Inaugurazione giovedì 16 febbraio 2012, ore 17.00

Nel progetto Iride, Vania Comoretti analizza la parte dell’occhio che più di tutte vanta una letteratura scientifica, filosofica, esoterica, di grande importanza. Nella sua ricerca, Comoretti attraversa le considerazioni che dell’iride vengono esposte dalla mitologia greca fino ad arrivare alle aberranti misurazioni antropometriche e fisiognomiche operate dal nazismo con i suoi terribili esperimenti, passando per l’illuminista Voltaire. Ma è soltanto una prefazione, un viaggio culturale dentro un mondo che affascina l’artista per motivi personali, formali, etici ed estetici. L’interesse di Comoretti per la piccolissima porzione del corpo che è l’iride nasce da una vicenda personale che viene fatta immediatamente slittare verso un quadro più ampio volto a rendere visibili alcuni legami (di sangue e genetici) che si perpetuano attraverso questa quasi invisibile eppure fondamentale parte dell’occhio. L’iride si perpetua all’interno delle generazioni di una stessa famiglia. Per Comoretti essa identifica “il luogo di appartenenza delle persone”.

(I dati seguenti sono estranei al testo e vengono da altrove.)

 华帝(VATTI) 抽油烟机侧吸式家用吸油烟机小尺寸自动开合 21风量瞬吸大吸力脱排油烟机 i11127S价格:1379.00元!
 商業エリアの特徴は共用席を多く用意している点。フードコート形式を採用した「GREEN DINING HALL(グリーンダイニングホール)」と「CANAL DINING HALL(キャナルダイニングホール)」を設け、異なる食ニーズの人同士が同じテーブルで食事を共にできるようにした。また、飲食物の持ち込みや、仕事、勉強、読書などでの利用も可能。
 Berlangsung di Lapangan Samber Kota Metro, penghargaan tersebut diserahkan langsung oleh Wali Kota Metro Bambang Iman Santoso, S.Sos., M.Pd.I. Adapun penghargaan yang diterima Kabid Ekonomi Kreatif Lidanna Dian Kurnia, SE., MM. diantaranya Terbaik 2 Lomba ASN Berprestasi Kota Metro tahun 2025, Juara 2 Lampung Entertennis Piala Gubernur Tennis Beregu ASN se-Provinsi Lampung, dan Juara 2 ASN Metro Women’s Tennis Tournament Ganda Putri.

I ritratti sono occhi che forniscono sguardi, che le opere restituiscono allo spettatore, in un gioco di “mise en abime“ per cui l’opera guarda colui che la guarda. “Dell’iride – sostiene Comoretti – m’interessa anche il suo rapporto con le linee della pelle che la contengono, come se la possibilità di contenimento e di apertura delle palpebre restituissero il passaggio tra l’individuo e l’esterno”. In questo modo l’iride diviene il centro di un incontro con l’universo, diviene il centro della vista e dello sguardo sulle cose. Attraverso il ritratto dell’iride l’artista riporta l’attenzione al grado zero dell’arte, a quella condizione di possibilità del vedere che è l’organo della vista al quale tanta scienza e tanta filosofia del passato hanno dedicato attenzione, ritenendo l’occhio uno degli organi preponderanti per la conoscenza e la speculazione.

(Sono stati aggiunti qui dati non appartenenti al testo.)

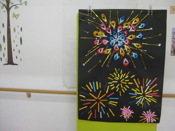 意外と綺麗だね(*^。^*) と大笑い!! 花火の貼り絵の完成です。金が光っていて最高( ^)o(^ )
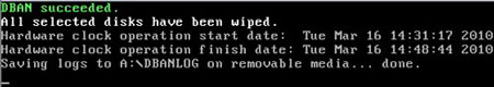 Giao diện tiếp theo hiện ra, bạn hãy chỉ đến ổ đĩa muốn tiến hành xóa dữ liệu và nhấn phím F10 để tiến hành ra lệnh xóa dữ liệu của ổ đĩa cứng đó. Khi đó, bạn cứ để cho chương trình thực hiện việc xóa dữ liệu cho bạn cho đến khi nhận được thông báo DBAN succeeded nghĩa là quá trình xóa sạch dữ liệu đã được hoàn tất là xong.
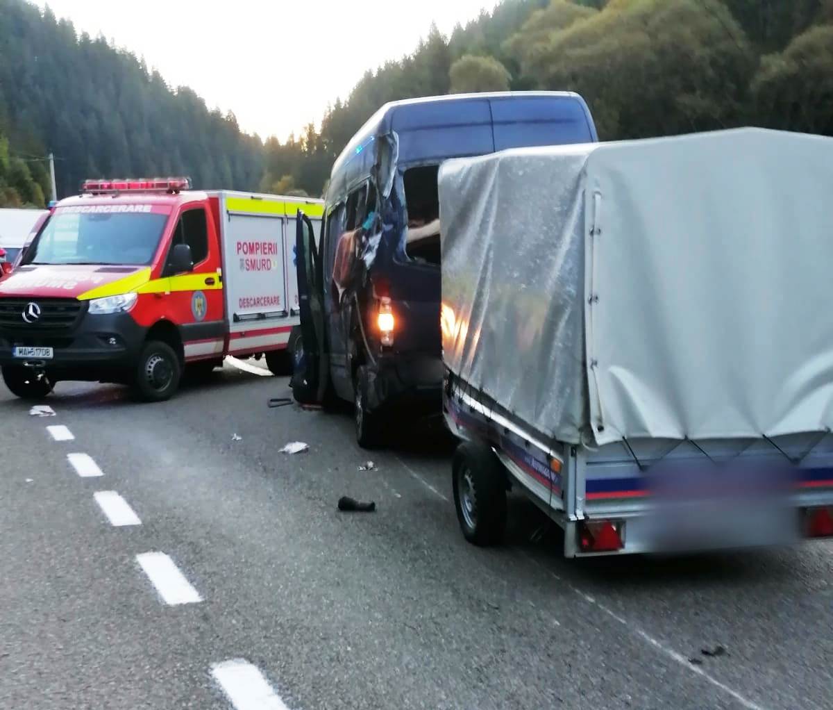 Potrivit ISU Suceava, accidentul s-a produs din cauza coliziunii unui microbuz cu un autotren.
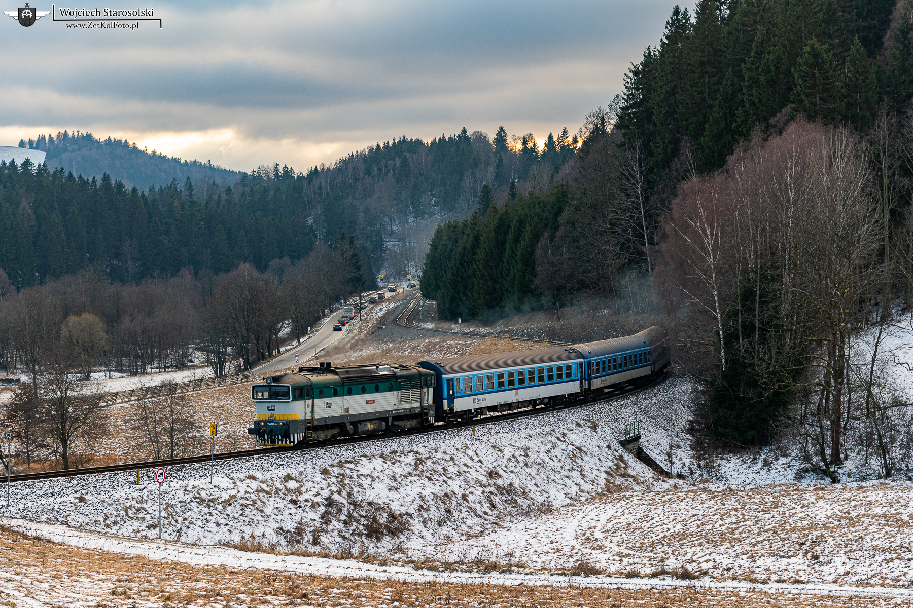 29.12.2025 | Ostružná | Szlak Branná - Ostružná | 754 080-0 z pociągiem przyspieszonym rel. Zábřeh na Moravě - Jeseník, pokonuje w/w szlak, jadąc w kierunku stacji Ostružná.
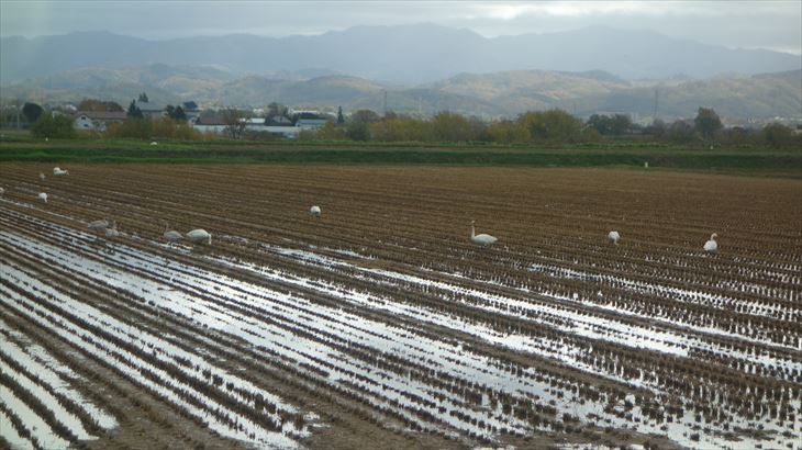 11時ころ美唄に到着しました。最初の観光地は渡り鳥(マガン)で有名な宮島沼です。9月末ころロシアから越冬のため4000kmの旅をして宮島沼で羽休め、10月末ころまでに東北に向かい飛び立つそうです。小屋のビデオで学習。
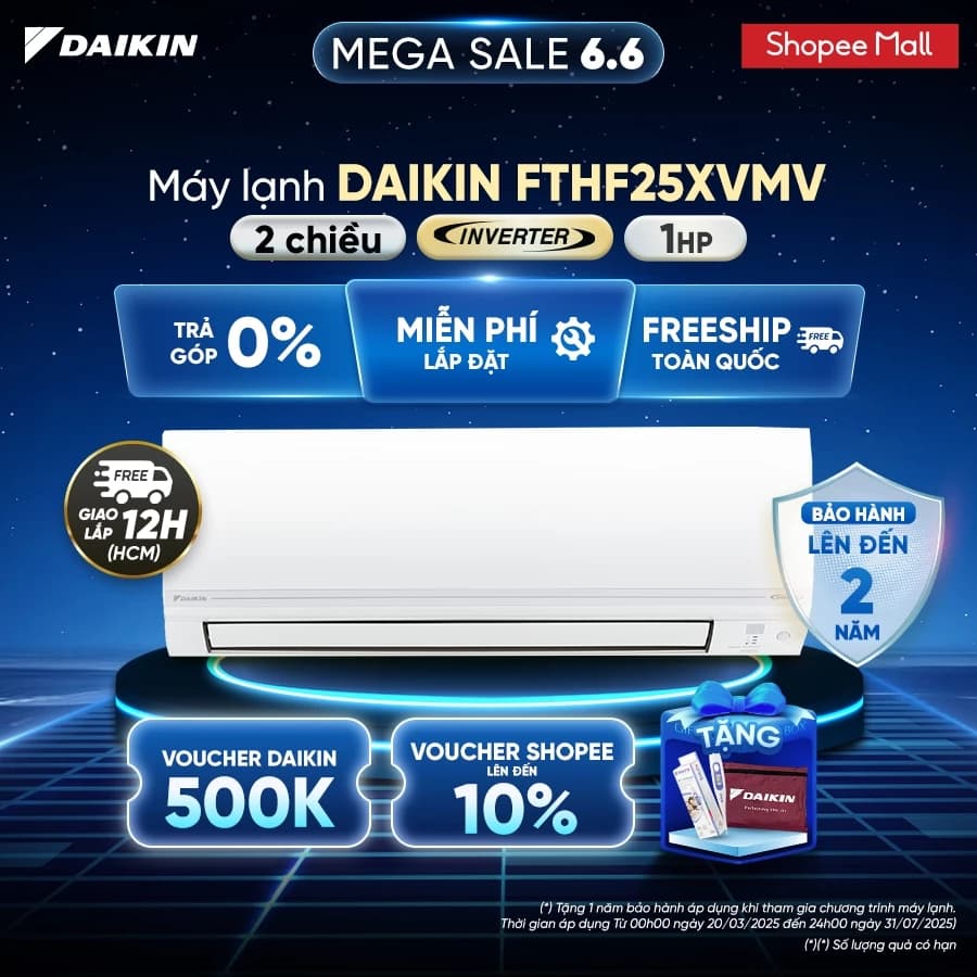 - Máy lạnh Daikin Inverter 2 chiều FTHF25XVMV - 1HP 9000BTU
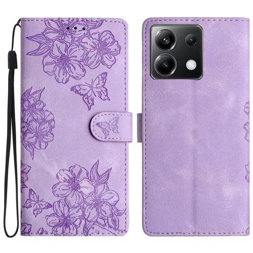 Funda de Teléfono de Pu con Relieve de Piel de Mariposa y Diseño de Flor de Cerezo para Xiaomi Poco X6 (Morado)
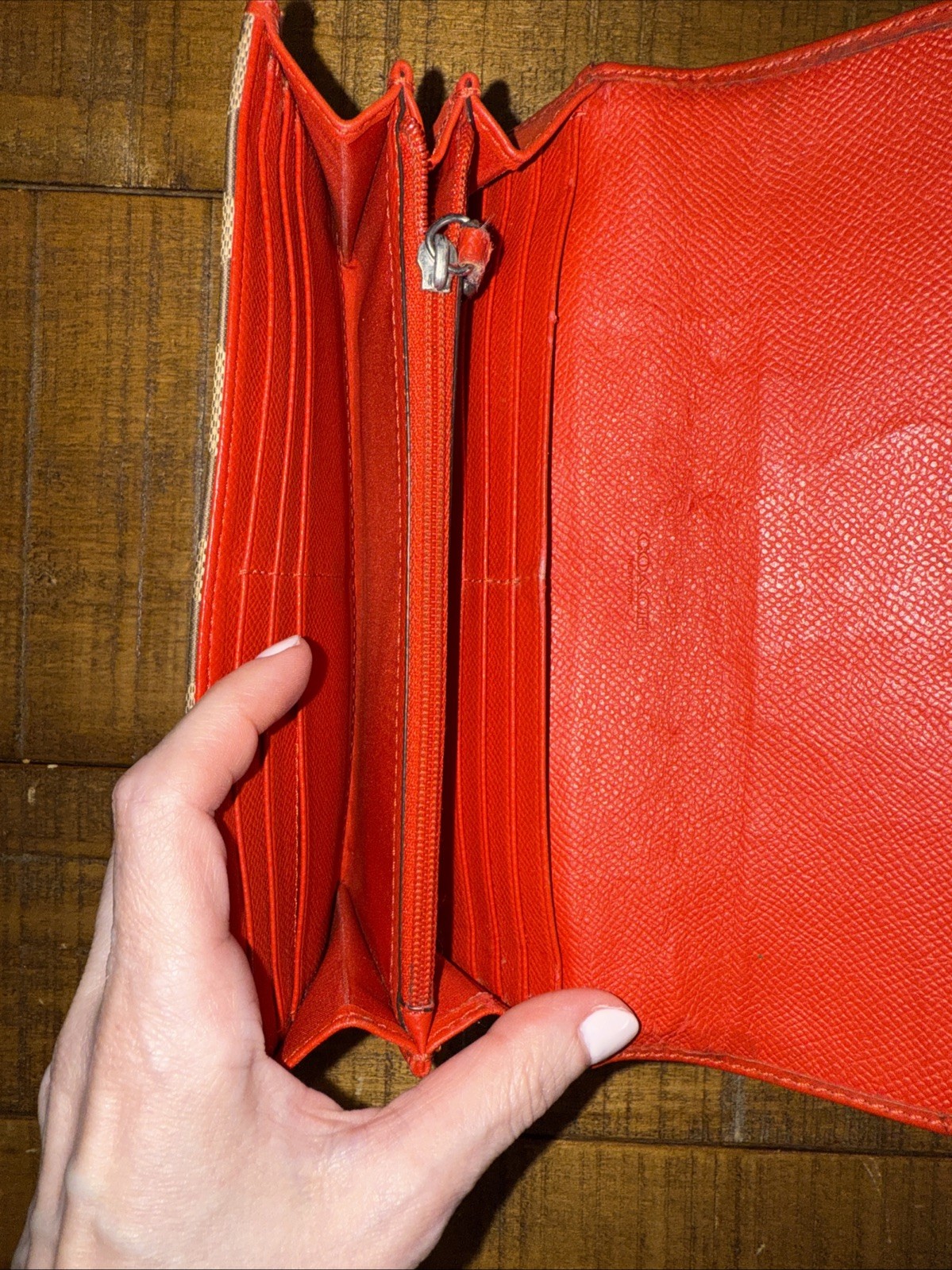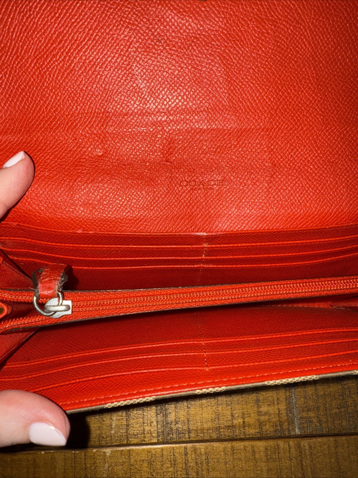 Coach Red & Brown Continental Wallet Condition: Fair (price reflects). Please review all photos carefully as they are considered part of the item's description and show approximate measurements. ๐๏ธ Wearhaus Market Store Policy Thank you for shopping at Wearhaus Market โ a curated collection of new and preloved fashion with style and soul. Please review our shop policy before making a purchase: ๐ฆ Shipping & Responsibility -All items are carefully packaged and shipped with tracking. -Packages are photographed prior to shipment to document condition and packaging. -At this time, we ship only within the U.S. ๐ Returns & Exchanges -All sales are final. -As all items are accurately represented and often one-of-a-kind, we do not accept returns or exchanges. -Each listing includes clear measurements, multiple photos, and detailed descriptions to help you shop with confidence. -Please feel free to message us with any questions before purchasing โ weโre happy to help! Thank you for shopping conscious fashion ๐ค

Nel polittico After Comoretti ritrae l’iride dei familiari, poi quella di amici e persone che hanno un legame con lei e tra loro. In questo modo l’artista traccia una sorta di sguardo collettivo, portandoci nelle profondità di un’anima, il cui specchio appunto è l’organo della vista. Passando dal ritratto del volto a quello dell’iride delle persone che ruotano attorno al proprio universo intimo, Comoretti utilizza un procedimento di ingrandimento e di focalizzazione del dettaglio, portando in luce il particolare per studiarne il colore, la luce, la brillantezza, la tessitura biologica. Così facendo Comoretti usa l’idea dello “studio” antico, dello schizzo preparatore, che nel disegno antico accoglieva su uno stesso foglio varie pose del capo e dettagli espressivi. E così facendo traccia una bio-logia, una logica del bios, del corpo organico che nella sua configurazione può diventare scrittura, geroglifico, perfino simbolo.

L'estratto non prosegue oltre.